The length of three sides of isosceles △ABC is 5, 5 and 6 respectively; Or 5, 6, 6; Or 5, 5, 5; Or bhc.

(1) When the three sides of △ ABC are 5, 5 and 6 respectively, the sum of the distances from point P to vertices A, B and C is at least 4+3 √ 3;

(2) When the three sides of △ ABC are 5, 6 and 6 respectively, the sum of the distances from point P to vertices A, B and C is at least √199/2+5 √ 3/2;

(3) When the three sides of △ ABC are 5, 5 and 6 respectively, the sum of the distances from point P to the three vertices of A, B and C is at least 5 √ 3;

(4) When the three sides of △ ABC are 6, 6 and 6 respectively, the sum of the distances from point P to three vertices A, B and C is at least 6√3.

3 solution: m = 5/(a+2b); n = 7/(a-2b); Y=5/(2m)-x/2=x/2-7/(2n) Solution: x = a;; y=b

That is, the intersection point is (a, b), Mn = 35/(a? -4b? )

4 solution: 2x 4+x 3-ax? +bx+a+b- 1=2x? (x? +x-6)-x(x? +x-6)+( 13-a)x? +(b-6)x+a+b- 1

x? +x-6 is 2x 4+x 3-ax? +bx+a+b- 1, then x? +x-6 is also (13-a)x? The factor of +(b-6)x+a+b- 1

Then13-a = b-6 = (a+b-1)/(-6); Solution: a =16; b=3

5 solution: ax? +bx+c=[√ax+b/(2√a)]? +c-b? /(4a) is a completely flat path (A, B and C are constants),

What about c-b? /(4a)=0, that is, b? -4ac=0

6 solution: let x 1, x2 equation x? +MX+n = 0; Is X3 and x4 the equation y? +ny+m=0。

Then: x 1+x2 =-m, x1x2 = n; Then (x 1-x2)? =(x 1+x2)? -4x 1x2=m? -4n;

x3+x4=-n,x3x 4 = m; Then (x3-x4)? =(x3+x4)? -4x3x4=n? -4m;

By equation x? What are the two differences between +mx+n=0 and equation Y? The two differences of +ny+m=0 are equal.

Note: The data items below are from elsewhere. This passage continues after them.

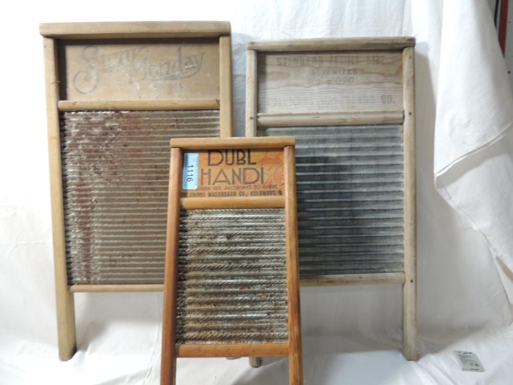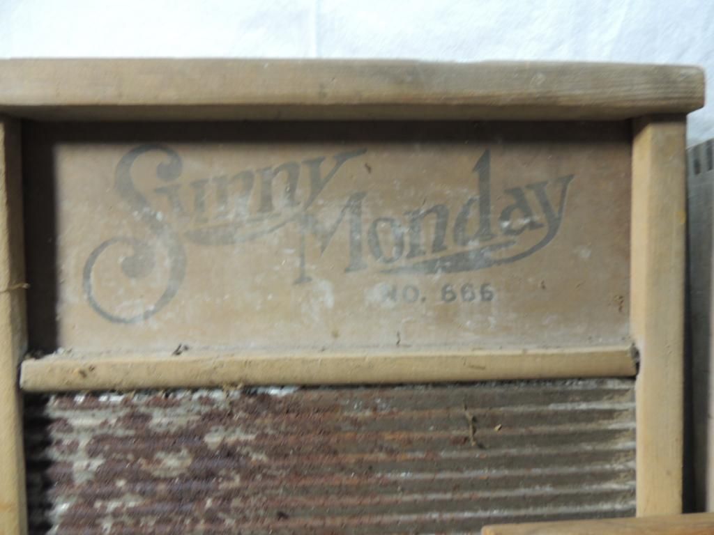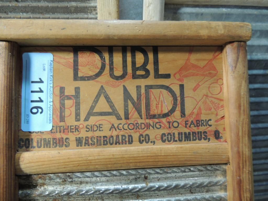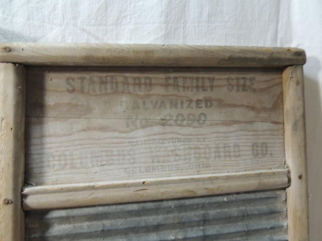 GOOD CONDITION. ADS STILL SHOWING. DUBL HANDI. STANDARD FAMILY SIZE COLUMBUS WASHBOARD CO. SUNNY MONDAY. WOOD METAL AS SHOWN. SEE PHOTO FOR MORE DETAILS.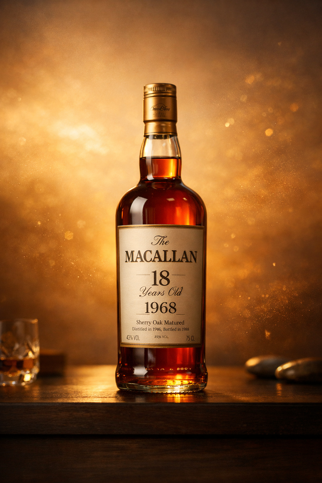 麥卡倫18年1968(The Macallan 18 Years Old 1968 Vintage),是威士忌收藏市場中極具代表性的單一年份酒款之一。此酒於1968年蒸餾,熟成18年後裝瓶,屬於早期麥卡倫以單一年份(Vintage)+雪莉桶風格推出的經典系列,在今日已被視為歷史級收藏品。
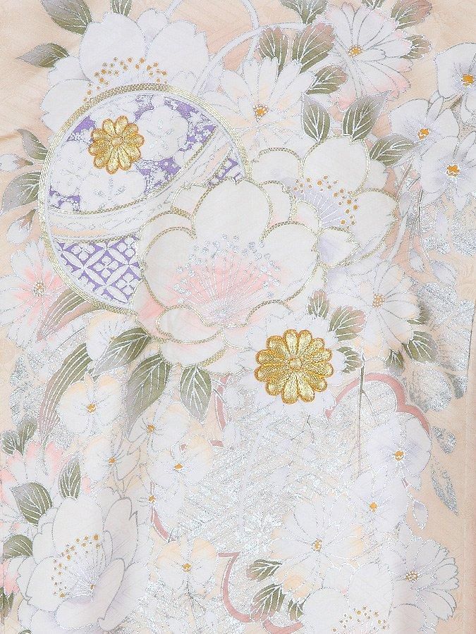 G242 正絹ベージュ地 京友禅 金駒刺繍 鞠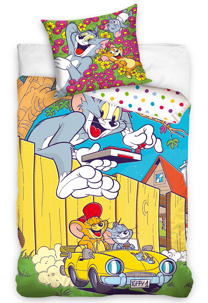 Bavlněné povlečení s Tomem a Jerrym Bavlněné povlečení Tom a Jerry Ve žlutém kabrioletu, je oboustranné a je vyrobeno ze 100% hladké bavlny RenforcéNa lícní straně povlečení jsou Jerry a Tuffy v kabrňáckém, žlutém kabrioletuAutíčko má pouze jednu chybu, a to tu, že je na dálkové ovládání, které třímá ve svých kočičích prackách Tom, nám všem známý uličníkReverzní strana povlečení je bílá s malými různobarevnými puntíkyPovlak polštáře je z obou stran stejný, v tuto chvíli kamarádští Tom a Jerry, leží v záplavě květinRozměr povlečení je 140x200 + 70x90 cm a má zipové zapínáníVhodná barva prostěradla bude bílá, žlutí, nebo středně modráPovlečení má certifikát Oeko-Tex Standard 100 Bavlněné povlečení perte vždy z rubu, se zapnutým zipem, dle symbolů uvedených na obale Nepoužívejte prací prostředky s obsahem bělících a rozjasňujících substancí Povlečení odstřeďujte při menších otáčkách, aby nedošlo k trvalému poškození bavlněných vláken Odstíny barev obrázků se mohou barevně lišit, v závislosti na nastavení Vašeho monitoru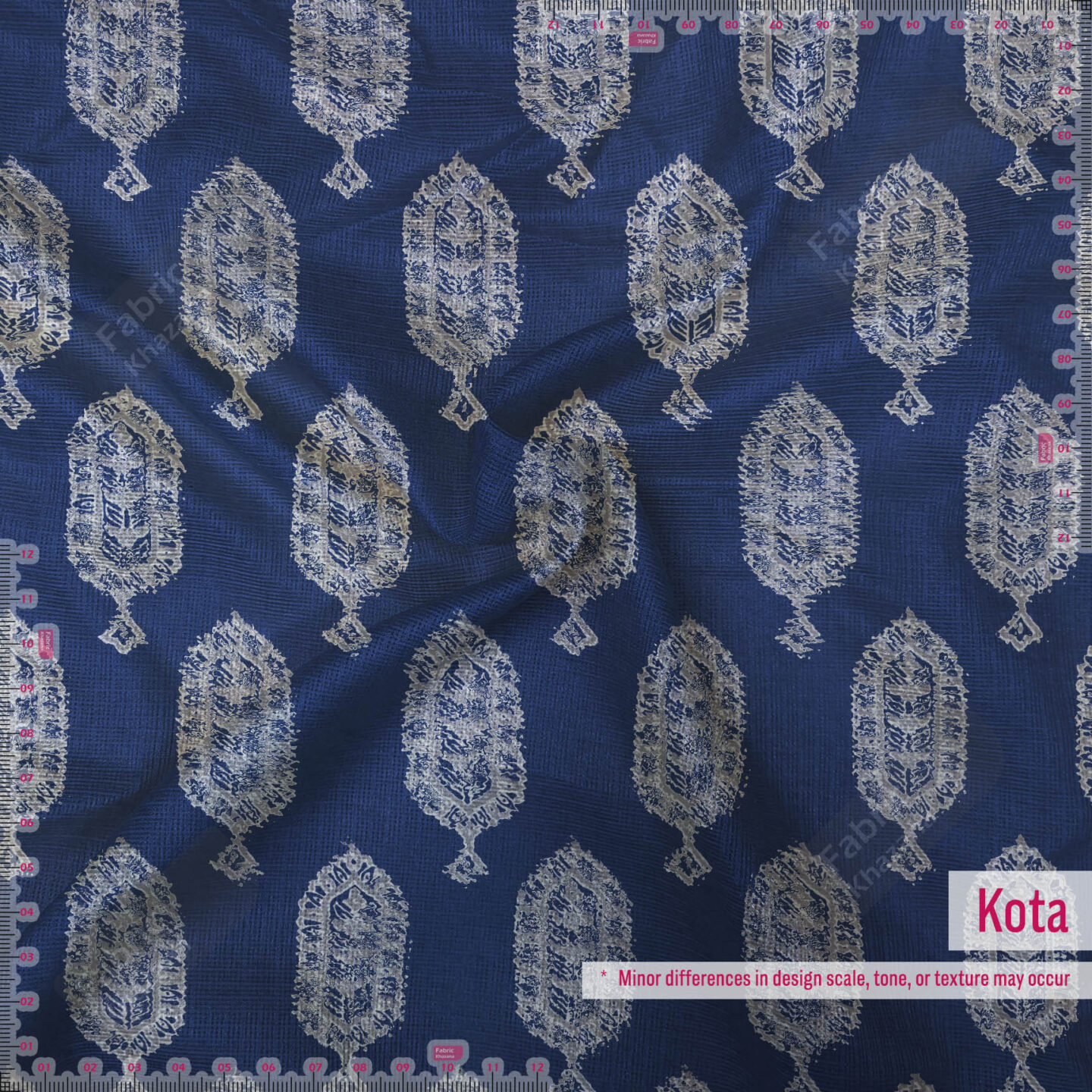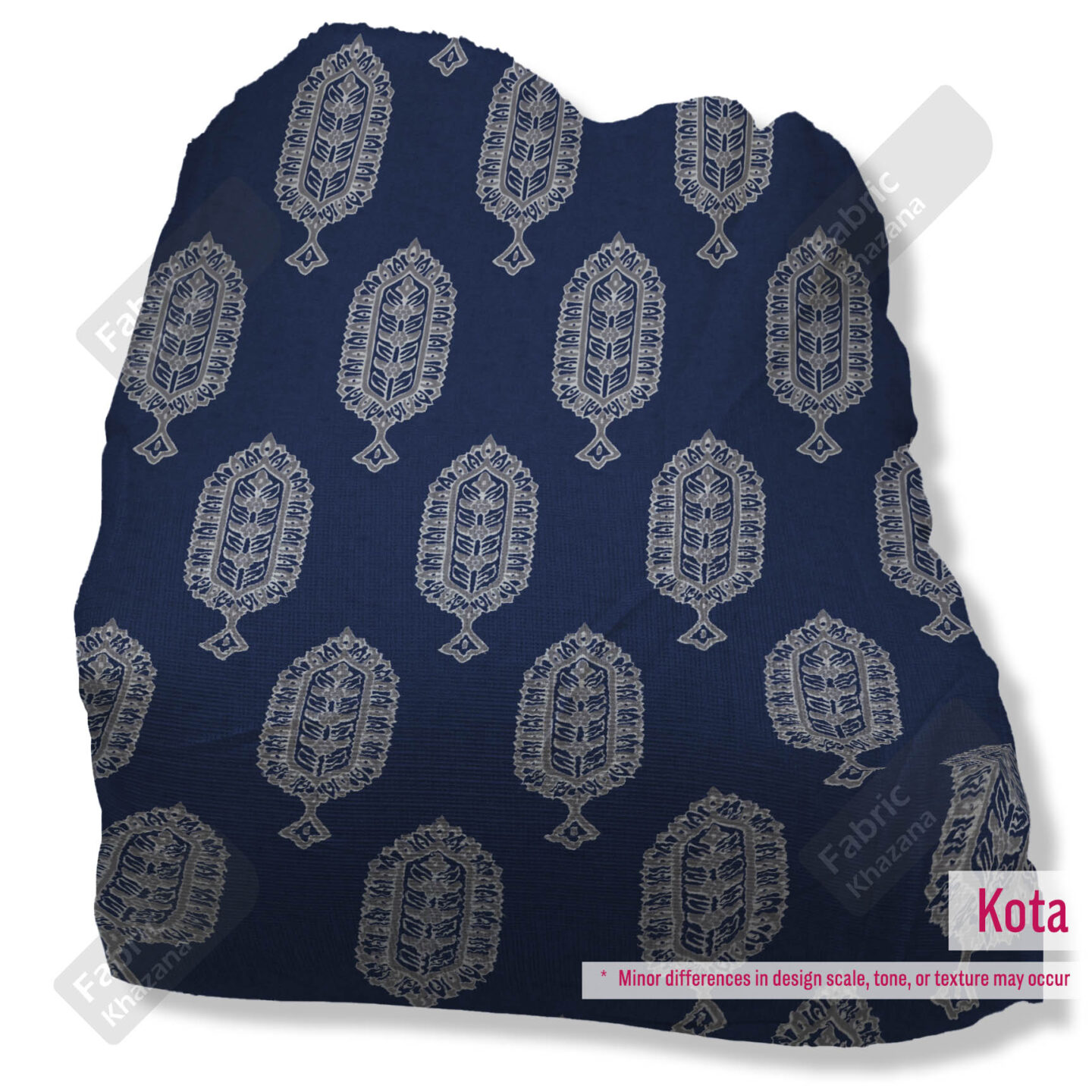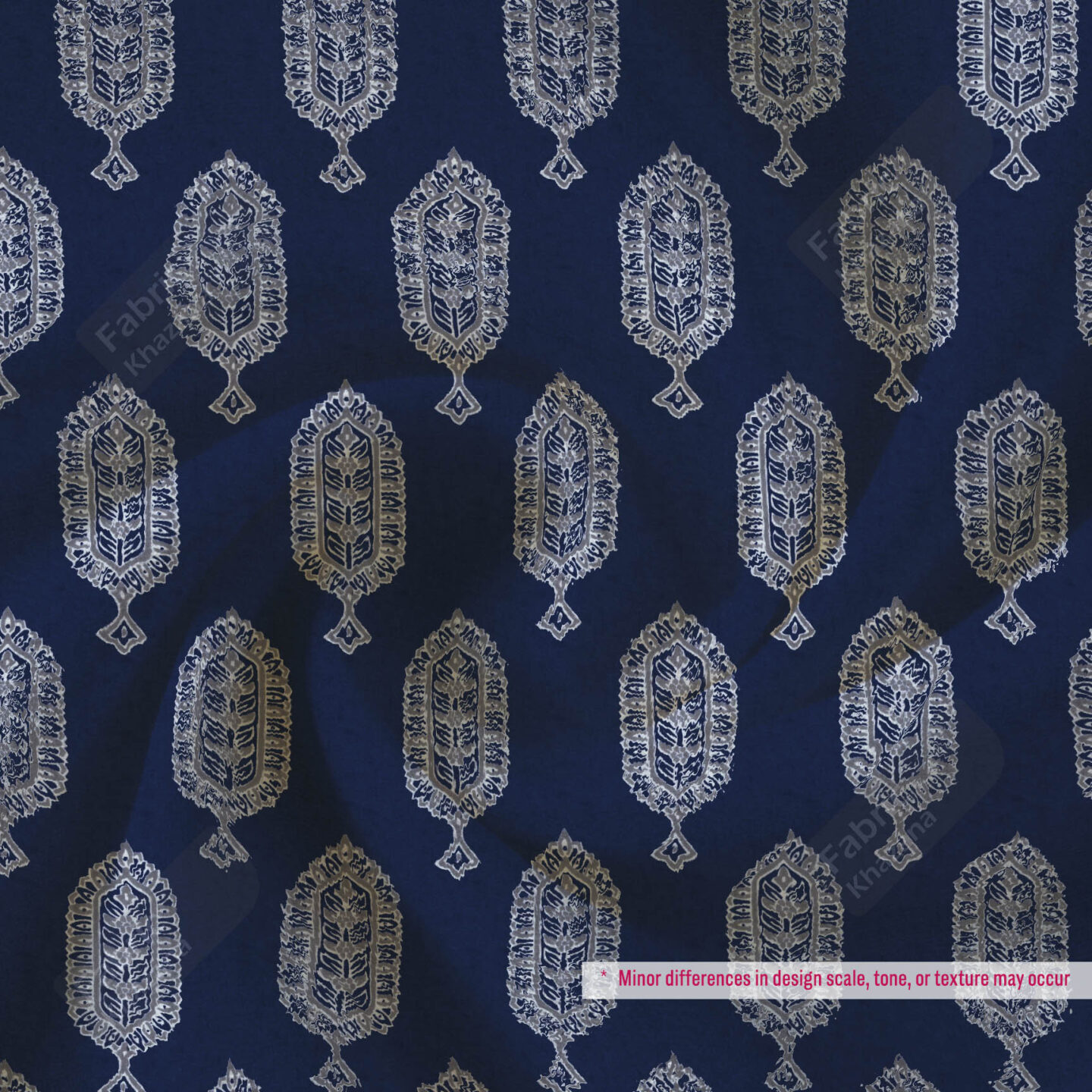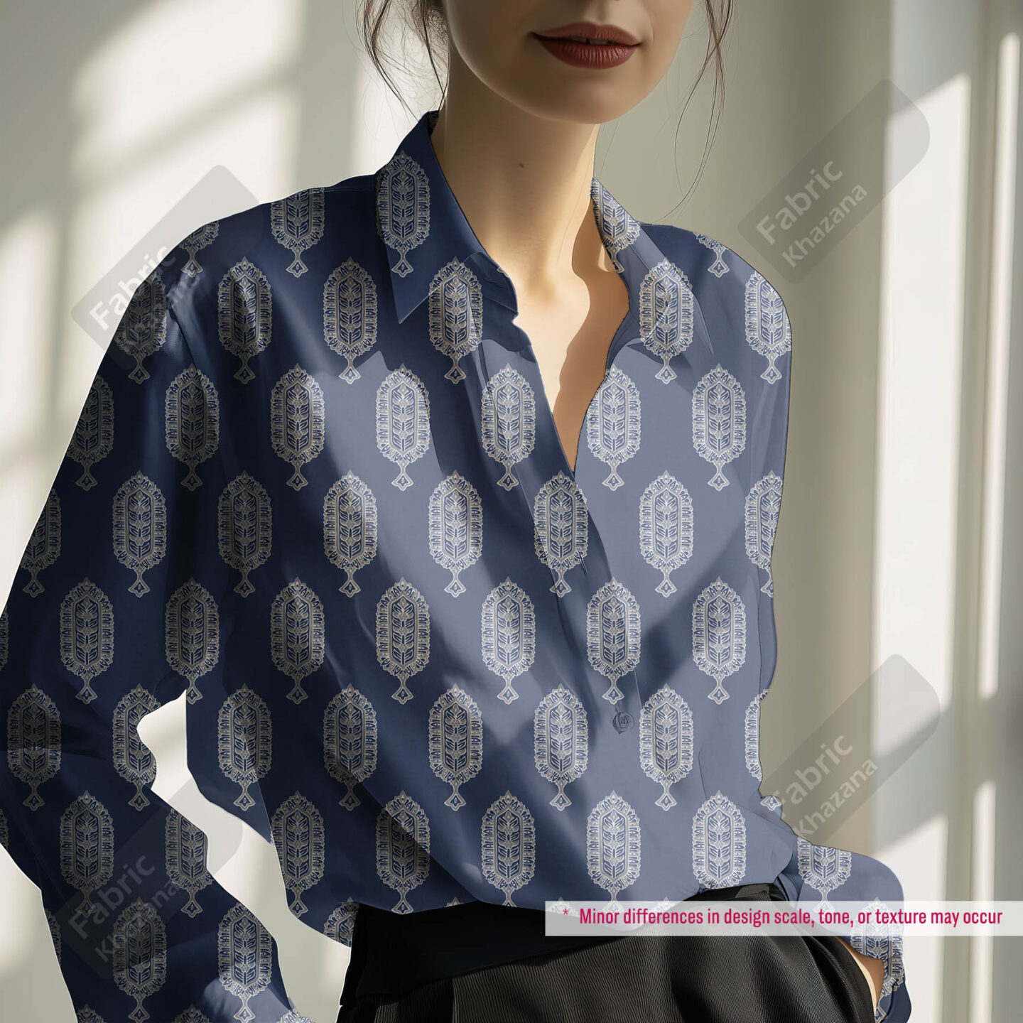 Discover sophistication with this navy blue polyester fabric featuring white leaf motifs. Perfect for ethnic wear, dresses, and home décor projects.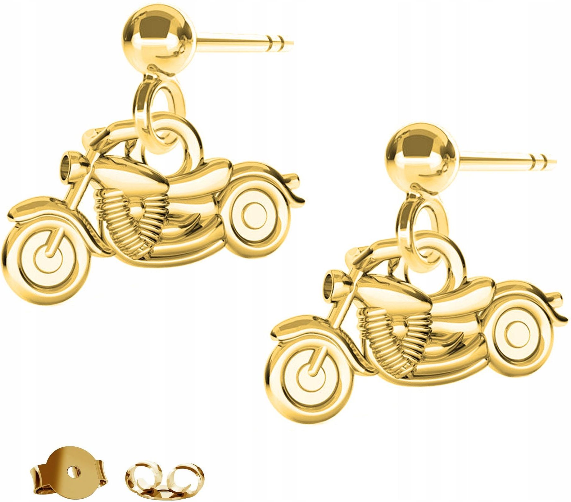 Kolczyki złote Motocykl 💙 Surowiec: Srebro 💙 Próba: 925 💙 Powłoka: Złoto próby 999 (24 Karaty) 💙 Zapięcia kolczyków: Sztyft 💙 Wysokość zawieszki: 7 mm 💙 Motyw: Inny 💎 Biżuteria pozłacana jest czterema warstwami 24-karatowego złota oraz hartowana przez naszych jubilerów w pracowniach …
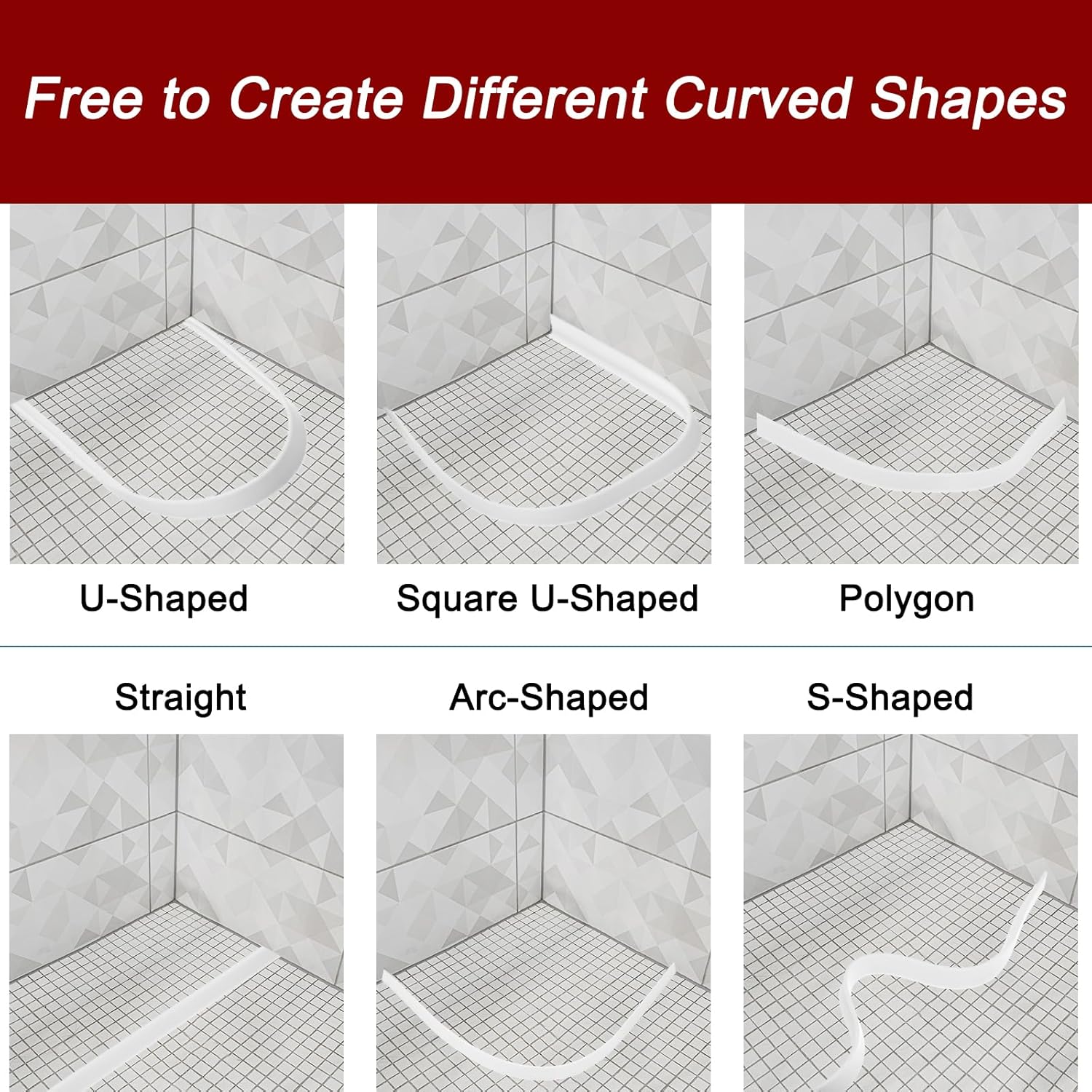 - [Wide Application] - The flexible molding trim can be adhered to almost any smooth surface, including walls, floors, tiles, corners, and so on. It can be widely used in bathrooms, showers, basins, bathtub edges, toilets, kitchens, laundry rooms, etc.

Know: (x 1-x2)? =(x3-x4)? =m? -4n=n? -4m finishing: (m+n)(m-n)=-4(m-n)

And m and n are unequal real numbers, then m-n ≠ 0; So m+n=-4.

7 solution: ∵ x-2a > 0; And 6-3x ≥ 0; ∴2a<; X≤2, X has four integer solutions;

Then the four solutions are 2, 1, 0,-1; Then -2 ≤ 2a

Answer: d

note:

Fermat point's judgment

(1) For any triangle △ABC, if there is a little E in or on the triangle, if EA+EB+EC has the minimum value, then E is fermat point. Fermat point's calculation

(2) If the interior angle of a triangle is greater than or equal to 120, the vertex of this interior angle is the fermat point; If all three internal angles are less than 120, then three points with an opening angle of 120 inside the triangle are the fermat point of the triangle.